__What the task requires__
Each line below from the one containing "British Levant 1908" through the one containing "老物件插畫黑膠片小號留聲機(jī)話筒磁帶矢量圖" should be output exactly as it stands, and no other line should appear.
•••••
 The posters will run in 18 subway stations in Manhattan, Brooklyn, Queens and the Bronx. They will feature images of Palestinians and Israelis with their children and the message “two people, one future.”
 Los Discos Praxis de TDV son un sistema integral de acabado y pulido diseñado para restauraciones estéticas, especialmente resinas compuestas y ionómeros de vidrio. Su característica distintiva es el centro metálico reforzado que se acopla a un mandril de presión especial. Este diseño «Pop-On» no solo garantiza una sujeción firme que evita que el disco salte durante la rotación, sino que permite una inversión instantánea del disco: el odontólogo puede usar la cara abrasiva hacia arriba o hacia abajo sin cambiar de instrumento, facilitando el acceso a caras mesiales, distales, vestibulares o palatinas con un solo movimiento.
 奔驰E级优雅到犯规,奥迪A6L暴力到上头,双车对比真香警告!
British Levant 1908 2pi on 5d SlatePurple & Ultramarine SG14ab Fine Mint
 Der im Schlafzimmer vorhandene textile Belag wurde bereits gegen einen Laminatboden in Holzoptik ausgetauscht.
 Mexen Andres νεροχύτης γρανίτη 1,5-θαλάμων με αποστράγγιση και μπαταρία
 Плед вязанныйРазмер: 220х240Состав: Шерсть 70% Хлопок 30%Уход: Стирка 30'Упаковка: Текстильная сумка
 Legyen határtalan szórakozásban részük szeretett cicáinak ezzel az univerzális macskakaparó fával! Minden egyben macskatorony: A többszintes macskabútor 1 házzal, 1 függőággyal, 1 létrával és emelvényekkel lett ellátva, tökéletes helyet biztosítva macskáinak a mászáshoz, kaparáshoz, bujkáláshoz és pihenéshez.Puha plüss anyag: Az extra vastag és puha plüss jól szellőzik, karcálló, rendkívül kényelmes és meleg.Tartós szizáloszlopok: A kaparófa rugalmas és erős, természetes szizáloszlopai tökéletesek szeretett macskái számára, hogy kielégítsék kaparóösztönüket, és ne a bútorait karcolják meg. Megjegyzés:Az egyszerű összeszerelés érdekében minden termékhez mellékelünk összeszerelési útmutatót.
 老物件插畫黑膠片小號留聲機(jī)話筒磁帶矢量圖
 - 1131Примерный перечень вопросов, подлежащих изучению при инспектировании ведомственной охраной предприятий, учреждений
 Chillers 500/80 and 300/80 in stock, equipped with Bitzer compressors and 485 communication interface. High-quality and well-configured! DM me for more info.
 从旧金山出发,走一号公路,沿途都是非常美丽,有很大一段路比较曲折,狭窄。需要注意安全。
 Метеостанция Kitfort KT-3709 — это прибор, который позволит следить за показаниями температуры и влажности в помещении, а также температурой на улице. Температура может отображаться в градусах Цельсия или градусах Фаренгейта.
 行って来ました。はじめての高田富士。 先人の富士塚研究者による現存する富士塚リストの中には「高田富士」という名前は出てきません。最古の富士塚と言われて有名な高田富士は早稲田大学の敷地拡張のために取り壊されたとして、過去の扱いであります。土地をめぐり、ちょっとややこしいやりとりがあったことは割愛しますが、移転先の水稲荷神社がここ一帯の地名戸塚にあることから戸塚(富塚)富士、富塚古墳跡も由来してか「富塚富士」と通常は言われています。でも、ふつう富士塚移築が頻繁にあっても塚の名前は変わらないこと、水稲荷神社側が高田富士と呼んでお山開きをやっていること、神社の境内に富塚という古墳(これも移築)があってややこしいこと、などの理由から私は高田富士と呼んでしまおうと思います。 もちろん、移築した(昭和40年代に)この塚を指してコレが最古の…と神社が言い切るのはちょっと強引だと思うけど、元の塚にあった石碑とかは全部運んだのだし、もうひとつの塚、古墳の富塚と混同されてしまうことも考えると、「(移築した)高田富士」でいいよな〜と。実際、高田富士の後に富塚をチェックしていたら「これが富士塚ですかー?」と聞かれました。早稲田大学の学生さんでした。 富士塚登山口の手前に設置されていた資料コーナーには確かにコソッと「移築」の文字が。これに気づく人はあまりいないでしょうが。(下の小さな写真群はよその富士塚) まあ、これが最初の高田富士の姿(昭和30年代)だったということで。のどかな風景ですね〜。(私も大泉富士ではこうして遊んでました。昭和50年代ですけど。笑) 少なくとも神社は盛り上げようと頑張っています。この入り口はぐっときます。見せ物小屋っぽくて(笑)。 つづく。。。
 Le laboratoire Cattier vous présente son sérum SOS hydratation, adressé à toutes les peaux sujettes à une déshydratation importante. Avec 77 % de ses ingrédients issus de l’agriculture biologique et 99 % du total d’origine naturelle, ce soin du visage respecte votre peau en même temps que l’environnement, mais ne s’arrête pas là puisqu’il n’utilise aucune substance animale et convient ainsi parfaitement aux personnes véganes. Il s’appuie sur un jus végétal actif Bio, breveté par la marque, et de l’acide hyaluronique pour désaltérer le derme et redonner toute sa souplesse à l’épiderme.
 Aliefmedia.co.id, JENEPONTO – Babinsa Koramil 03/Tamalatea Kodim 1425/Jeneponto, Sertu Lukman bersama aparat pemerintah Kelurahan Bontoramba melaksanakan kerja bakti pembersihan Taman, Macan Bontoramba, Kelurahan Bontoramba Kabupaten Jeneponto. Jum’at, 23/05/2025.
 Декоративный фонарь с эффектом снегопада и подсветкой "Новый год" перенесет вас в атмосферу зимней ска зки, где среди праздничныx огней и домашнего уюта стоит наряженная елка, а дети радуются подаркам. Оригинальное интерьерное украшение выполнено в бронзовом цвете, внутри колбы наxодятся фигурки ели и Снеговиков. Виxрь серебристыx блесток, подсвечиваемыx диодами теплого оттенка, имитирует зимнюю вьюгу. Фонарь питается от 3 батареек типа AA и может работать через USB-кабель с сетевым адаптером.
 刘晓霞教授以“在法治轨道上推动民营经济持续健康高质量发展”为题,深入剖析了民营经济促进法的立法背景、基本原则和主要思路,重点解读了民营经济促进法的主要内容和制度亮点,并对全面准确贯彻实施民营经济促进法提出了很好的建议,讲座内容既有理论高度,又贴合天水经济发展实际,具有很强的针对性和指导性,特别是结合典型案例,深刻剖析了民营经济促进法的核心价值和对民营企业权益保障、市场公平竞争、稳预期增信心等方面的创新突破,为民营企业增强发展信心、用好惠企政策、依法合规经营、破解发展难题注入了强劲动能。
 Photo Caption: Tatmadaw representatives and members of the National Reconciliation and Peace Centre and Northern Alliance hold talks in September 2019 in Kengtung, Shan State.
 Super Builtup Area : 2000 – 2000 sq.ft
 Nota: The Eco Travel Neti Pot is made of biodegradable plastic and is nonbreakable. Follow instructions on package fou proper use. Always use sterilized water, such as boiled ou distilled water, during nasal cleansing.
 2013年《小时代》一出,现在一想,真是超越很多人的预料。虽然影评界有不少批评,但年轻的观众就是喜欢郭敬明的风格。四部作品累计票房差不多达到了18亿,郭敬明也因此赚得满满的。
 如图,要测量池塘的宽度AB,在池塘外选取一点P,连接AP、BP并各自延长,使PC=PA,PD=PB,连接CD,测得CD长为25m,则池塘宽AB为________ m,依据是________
•••••
__The answer__
British Levant 1908 2pi on 5d SlatePurple & Ultramarine SG14ab Fine Mint
 Der im Schlafzimmer vorhandene textile Belag wurde bereits gegen einen Laminatboden in Holzoptik ausgetauscht.
 Mexen Andres νεροχύτης γρανίτη 1,5-θαλάμων με αποστράγγιση και μπαταρία
 Плед вязанныйРазмер: 220х240Состав: Шерсть 70% Хлопок 30%Уход: Стирка 30'Упаковка: Текстильная сумка
 Legyen határtalan szórakozásban részük szeretett cicáinak ezzel az univerzális macskakaparó fával! Minden egyben macskatorony: A többszintes macskabútor 1 házzal, 1 függőággyal, 1 létrával és emelvényekkel lett ellátva, tökéletes helyet biztosítva macskáinak a mászáshoz, kaparáshoz, bujkáláshoz és pihenéshez.Puha plüss anyag: Az extra vastag és puha plüss jól szellőzik, karcálló, rendkívül kényelmes és meleg.Tartós szizáloszlopok: A kaparófa rugalmas és erős, természetes szizáloszlopai tökéletesek szeretett macskái számára, hogy kielégítsék kaparóösztönüket, és ne a bútorait karcolják meg. Megjegyzés:Az egyszerű összeszerelés érdekében minden termékhez mellékelünk összeszerelési útmutatót.
 老物件插畫黑膠片小號留聲機(jī)話筒磁帶矢量圖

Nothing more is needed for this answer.